В центре Москвы остались еще полузаброшенные дома, до которых почему-то не дошли руки ни у «новых русских», ни у мэрии, ни у кого бы там ни было еще. Ютятся там какие-нибудь вымирающие организации, конторы с километровыми аббревиатурами, клубы или кишащие крысами, тараканами и призраками коммуналки. А если дом уже расселен, то одни призраки да бомжи. Судьба таких домов в любом случае незавидна. Либо снесут, либо выпотрошат и набьют евроначинкой. И призракам станет жить негде. И поселится в этих домах пустота. А дома уйдут, погрузятся в другую Москву, и ничто больше не будет связывать этот кусочек Москвы с ушедшей в другие измерения. И постепенно эта Москва оторвется, как изъеденный до кружевных прожилок прошлогодний лист, и унесет ее в никуда…

Один такой нелепый, но еще живой пока дом стоит в Кадашевском переулке под номером девять. Напоминает он чудовище Франкенштейна, потому как слеплен из совершенно различных частей – одна, стоящая торцом к переулку, явно помнит не один век, если судить по тому, как глубоко ушел в землю первый этаж. Вторая, которая тянется вдоль переулка, – порождение годов двадцатых. Потом, годах, видимо, в сороковых, достроили еще блок. В чистом же дворике сидит каменный тоскливый бульдог, какой-то зеленоватый и удивительно напоминающий монструозную жабу из рассказов Говарда или Лавкрафта. Каких годов рождения эта псожаба – кто знает?

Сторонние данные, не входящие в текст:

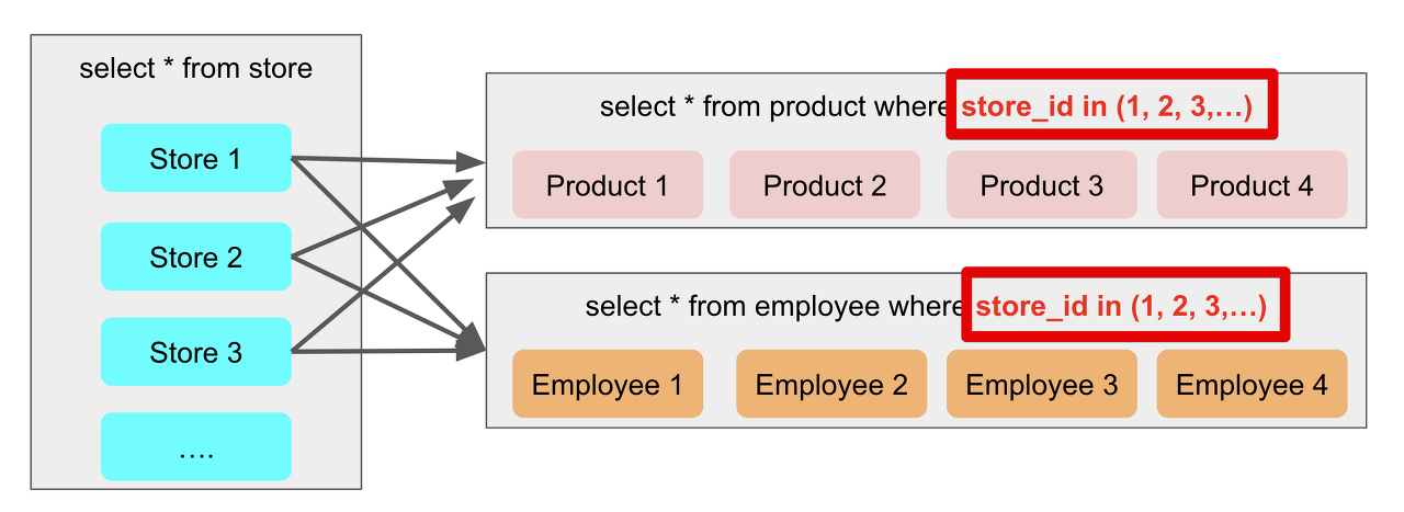 우리 서비스에서는 문제 하나당 여러개의 기대키워드가 매핑된다. 각 키워드 번호에 따른 키워드 값을 가져오기 위해 여러번의 쿼리가 실행된다.
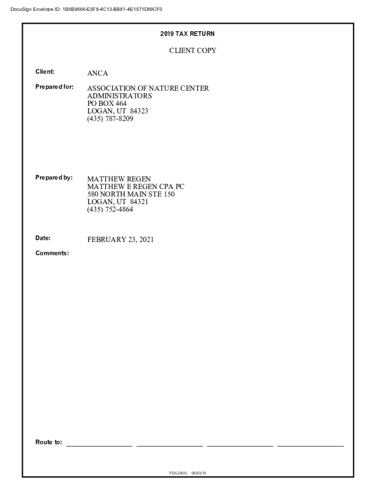 DocuSign Envelope ID: 1B6B9666E5F84C13BB814E1571D99CF02019 TAX RETURNCLIENT COPY Client:Unprepared for:ASSOCIATION OF NATURE CENTER ADMINISTRATORS PO BOX 464 LOGAN, UT 84323 (435) 7878209Prepared

Место тут нежилое, и поздним вечером улицы темны, пусты и пугающи. Но в тот вечер, один из вечеров начала лета, в переулке было необычно людно, хотя не все, кто входил в этот странный дом, были людьми. Загадочные визитеры входили во двор, проходили мимо немой псожабы, поднимались по небольшой лесенке к чугунной арочной двери справа от огромного конструктивистского окна и исчезали в недрах дома.

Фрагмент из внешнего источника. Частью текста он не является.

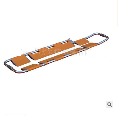 采用分离型刚性结构,转送骨折及重伤病员。两端设有离合装置,使担架分离成左右两部分。在不移动病人的情况下,迅速将病人铲入或从病人体下抽出担架。担架长度根据人身长可作随意调节。担架一端(脚部)采用窄框架结构。
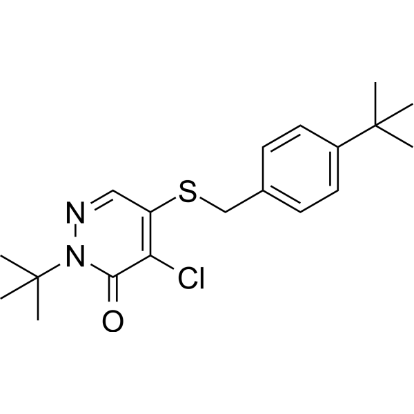| 生物活性 | Pyridaben is a mitochondrial electron transport inhibitor (METI) acaricide that promotes the formation of damaging oxygen and nitrogen radicals. Pyridaben selectively inhibits complex I (NADH dehydrogenase) with an IC50 value of 2.4 nM (assay sites: rat liver and bovine heart mitochondria). Pyridaben also significantly inhibits rat mitochondrial mtNOS function. | ||||||||||||||||
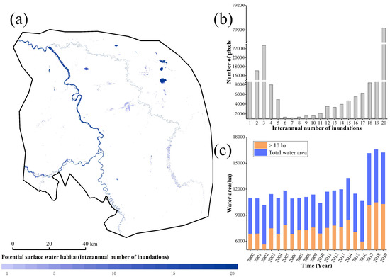 Distribution of surface water in the Zoigê area. (a) Spatial pattern of potential surface water habitats, (b) Interannual pixel count for surface water, (c) Area statistics for surface water.
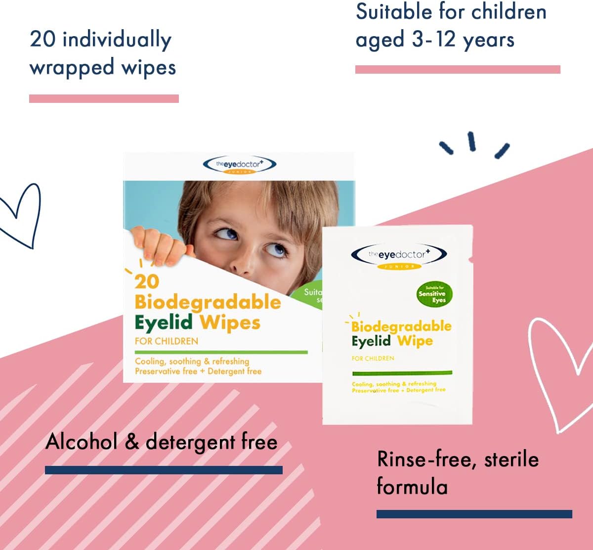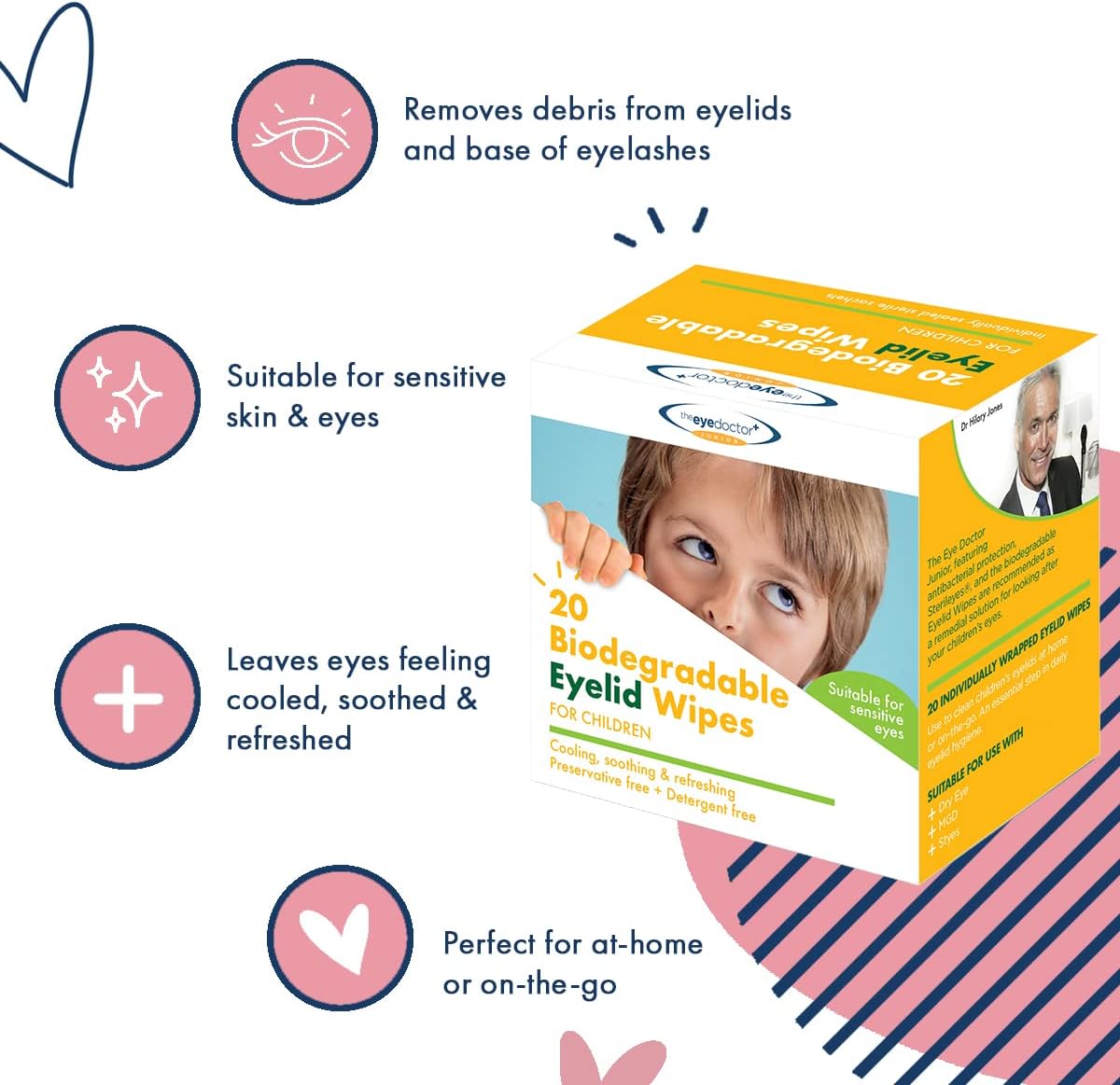 The Eye Doctor Junior Eyelid Wipes - 20X Individually Wrapped Kids Eye Lid Cleansing Wipes - Daily Hygiene & Dry Eye Relief - Suitable For Children'S Sensitive Eyes

Правда, некому было взирать на это странное зрелище. Разве что какой-то алкаш с огромным косматым ньюфом болтался по молчаливому темному переулку, бормоча что-то под нос.

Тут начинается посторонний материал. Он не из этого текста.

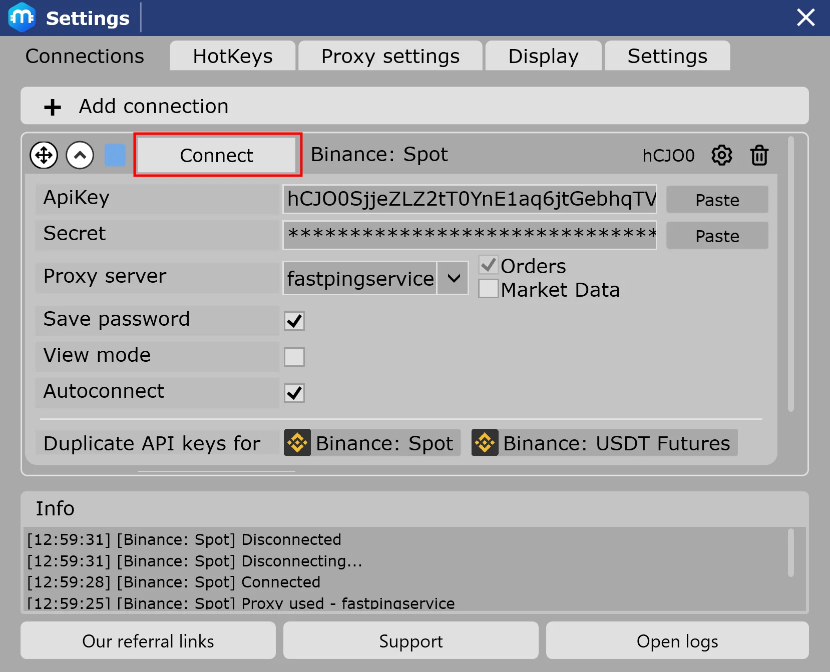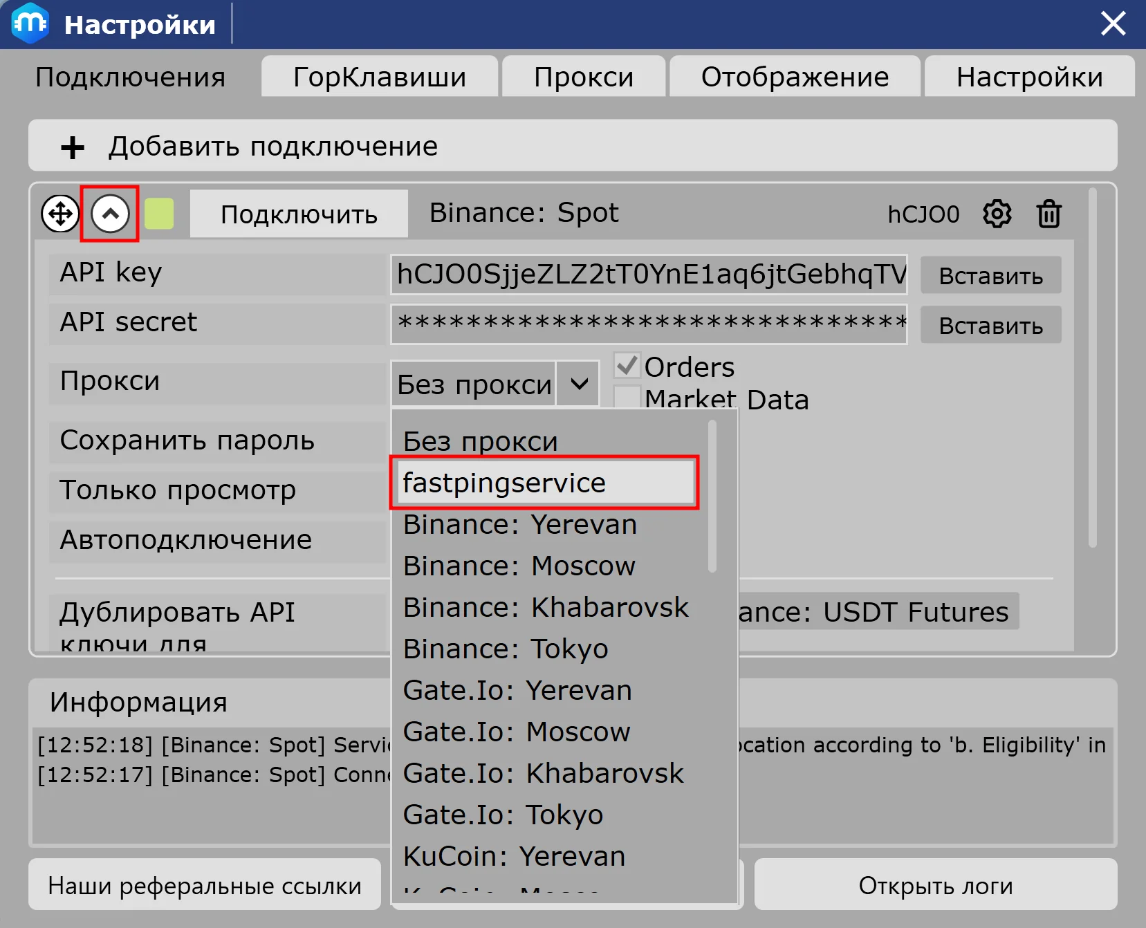 MetaScalp Настройка терминала для работы c Fast Ping Service

Гости входили в чугунную дверь и неожиданно попадали в уютный коридор, пахнущий воском и старым деревом, а затем – в гостиную, залитую светом толстых белых восковых свечей. В центре комнаты, обтянутой темно-синим с золотыми цветами шелком, стоял огромный дубовый стол, окруженный тяжелыми креслами с обивкой в цвет стен. Тяжелые шторы синего бархата завешивали окна – кроме одного, выходившего в цветущий сад под полной луной. И свет ее был таким ярким, что свечи были просто не нужны. Наверное, их зажгли просто так, для красоты, потому что они и вправду были красивы. А вот в темном зеркале напротив окна луна не отражалась, и было оно подобно бездонному колодцу, потому что в нем тонули без следа отражения половины присутствующих. А были это вроде бы люди разного возраста, пола и исторической принадлежности (если так можно сказать), большой чау-чау, белая сова, драный рыжий кот с татуировкой на брюхе, две крупные вороны, крысы – серая, черная и бурая, державшиеся подчеркнуто независимо друг от друга, прозрачная девушка без тени в белом платье невесты и отдельная тень, непонятно чья. В кресле у самого окна сидела девушка с русыми волосами, стянутыми в хвостик, а на подлокотнике восседал великолепный сиамский кот.